Social media disappointments

by Volker Weber

I have been using quite a few social networks. And I keep hopping when they piss me off. A short and incomplete history:

  1. I joined Facebook and Twitter. Could not make much use of them. Twitter was simple but had a bad signal-noise ratio. I eventually embraced Facebook.
  2. Facebook started to bother me with games and recommendations. People asked me to like their commercial pages. Facebook believes it is driving engagement. In reality, it's chasing me away.
  3. I joined Path and shared photos in small circles. Then it started to bore me. You can only look at so many pictures that moms take of their kids. People you know well can't be bothered to fill out their profile or upload a picture. And then Path put a nail in the coffin by suggesting people I might know, right on top of the list of people I do know. It was the opposite of what I wanted.
  4. I joined Google+ early on. It was quite wonderful. Intelligent discourse, lots of new insights, great design. Then Google and Microsoft started a war. Google+ stopped working in IE on WP. Gmail dropped EAS. A Microsoft Youtube app was blocked on WP. Too much evil, too hard to use on mobile.
  5. Went back to Twitter and Facebook and used them in exactly the same fashion. Facebook looked nice at first. Great support on all platform. Then they worked really hard on pissing me off. Switching my news feed from 'Most Recent' to 'Top Stories', even when I set the opposite. Filtering news feeds, so I would not get what I asked for. Polluting the 'Most Recent' feed with comments, when I just wanted to get the latest stories.

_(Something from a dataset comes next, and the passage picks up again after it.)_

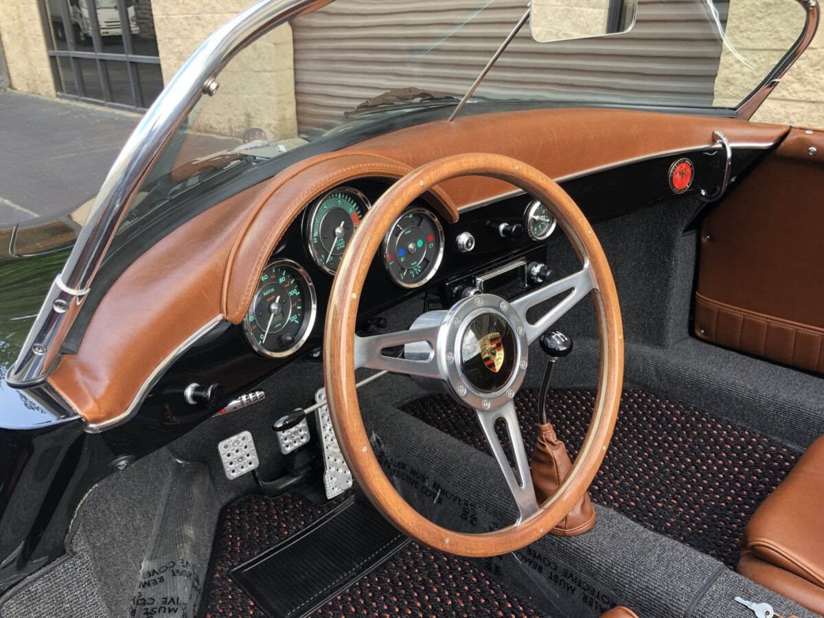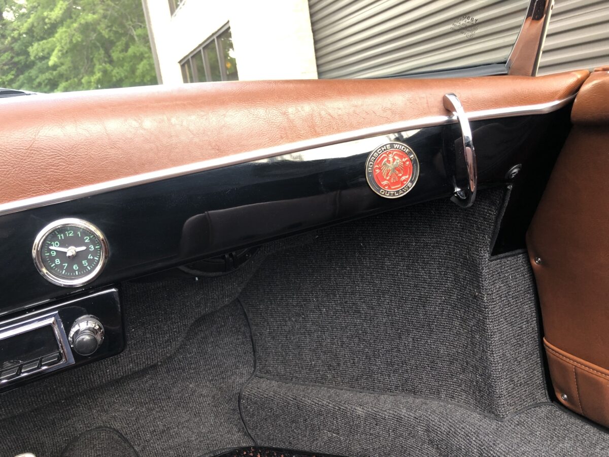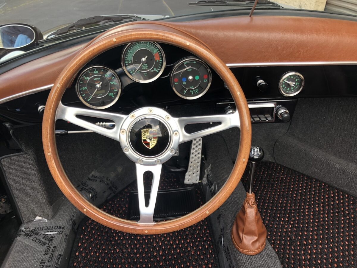 Complementing the gorgeous gloss black exterior is an equally stunning Baseball Glove interior accented with black German Square Weave carpeting. The colors really accentuate the beauty of this car. The Speedster seats are very comfortable. The custom Cloud 9 Style door pockets with locking document pocket. Matching dash pad and passenger side grab handle. Period correct VDO gauges with a GPS Speedometer and digital odometer allow the driver to monitor the speed and performance of this air cooled Speedster. Beautiful Wood Grain steering wheel with a Porsche horn button and vintage style turn signal lever adds to the authenticity. Working dash clock and cool Outlaw Wide 5 Medallion mounted on the dash. The e-brake was mounted under the dash like the originals. Retrosound Bluetooth stereo system looks vintage but allows you to use your phone hands free and play your music off your phone. This 356 is also optioned with heated seats, aluminum race pedals, and a Vintage Speed Shifter for a crisp, short throw pattern for your driving pleasure. Custom set of Coco mats added for that finishing touch. Simply gorgeous interior!!!

For now, Twitter has won. It gets me exactly the content that I subscribe to. There is even a nice feature that lets me switch off Retweets for people who post very little original content.

I did learn one lesson well: keep a short tail. Weed out your old data, once it becomes irrelevant. It makes it easy to leave. There is only a single post on Facebook, and a few dozen on Twitter. At any time.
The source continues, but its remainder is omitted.